Human rights groups, including Amnesty International and Human Rights Watch, said Saddam should not be hanged for crimes against humanity because his trial had been flawed and was marred by political interference by the Iraqi government.
A spokeswoman for Amnesty said: "We are against the death penalty as a matter of principle but particularly in this case because it comes after a flawed trial."
Richard Dicker, director of the International Justice Programme at Human Rights Watch, said: "Imposing the death penalty, indefensible in any case, is especially wrong after such unfair proceedings. That a judicial decision was first announced by Iraq's National Security Adviser underlines the political interference that marred Saddam Hussein's trial."
Iraq's US-appointed interim government reinstated the death penalty in August 2004, causing friction with its coalition partner, Britain.
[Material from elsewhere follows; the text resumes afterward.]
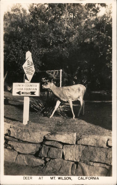 Front: SLON PEDESTRANE CROSSNG LUNCH COUNTER SODA FOUNTAIN IN HOTEL CALIFORNIA AT MT. WILSON, DEER Back: FLUCKY MET SET CARD LINCOLN 40 CORRESPONDENCE! Mrs. Bart Spence ( 1808 Mark Twain Palo Alto Cali کا Pos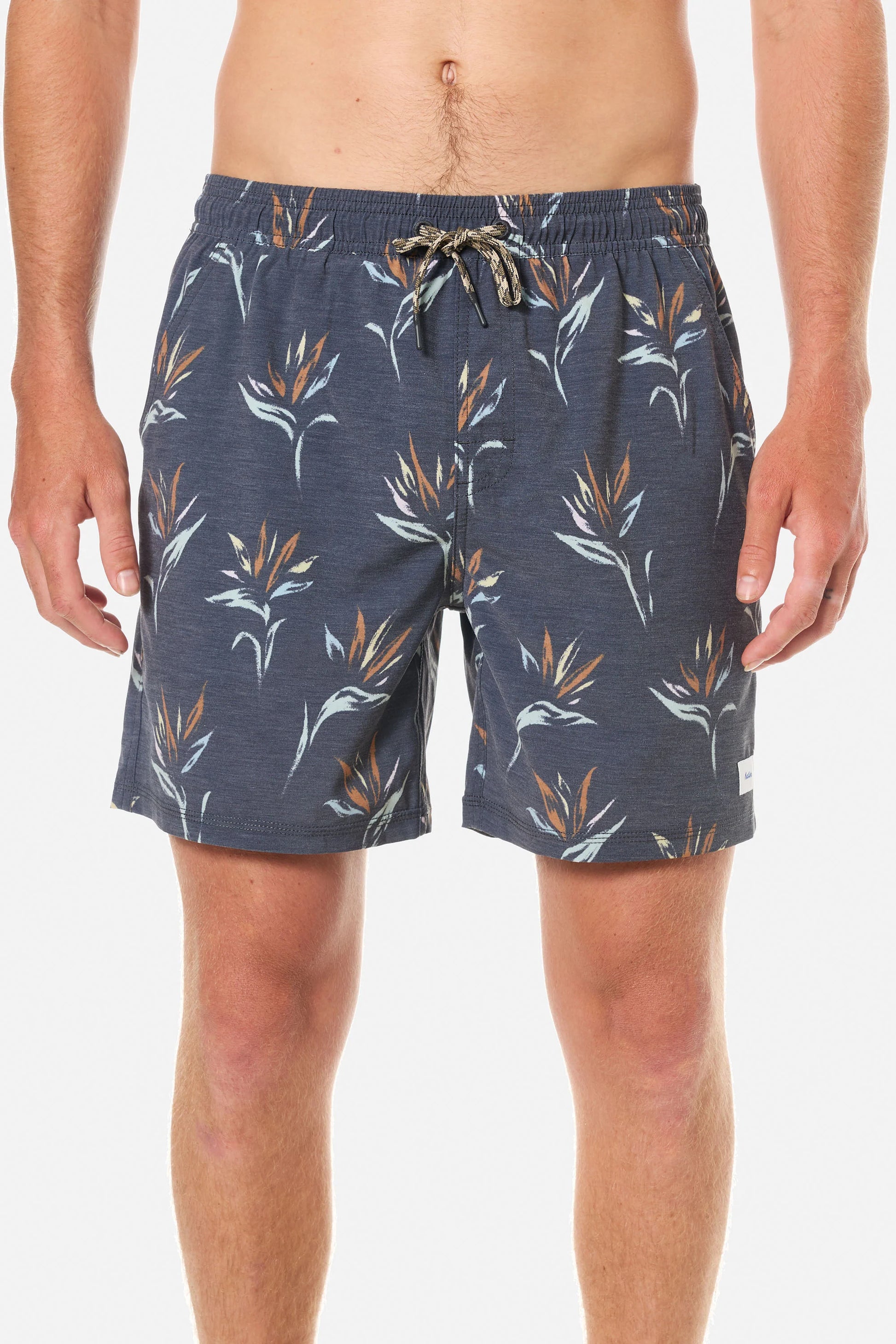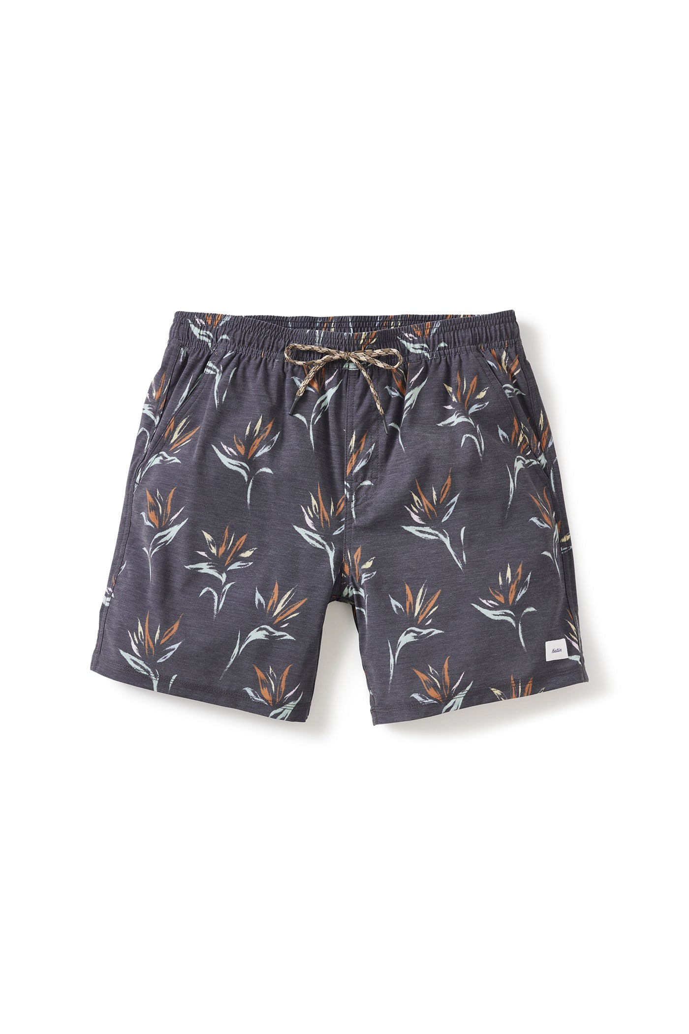 Featuring a custom birds of paradise floral, the Lilo Multi Volley comes in a new tri-blend fabric, featuring Repreve recycled polyester, front slash pockets, elastic waist, mesh brief lining, and an interior stash pocket, ready for the beach or day-to-day.

The former top British representative in Iraq, Sir Jeremy Greenstock, said the UK would not participate in a tribunal or legal process that could lead to execution.
A Foreign Office spokesman said yesterday that while the execution of Saddam was "a matter for the Iraqis", Britain remained opposed to the death penalty, and had made representations to the government on that score.
The outgoing UN secretary general, Kofi Annan, has expressed opposition to imposing the death penalty on Saddam on principle.
But the deputy White House press secretary, Scott Stanzel, struck a different note. "Today marks an important milestone in the Iraqi people's efforts to replace the rule of a tyrant with the rule of law," he told reporters aboard Air Force One. "Saddam Hussein has received due process and legal rights that he denied the Iraqi people for so long."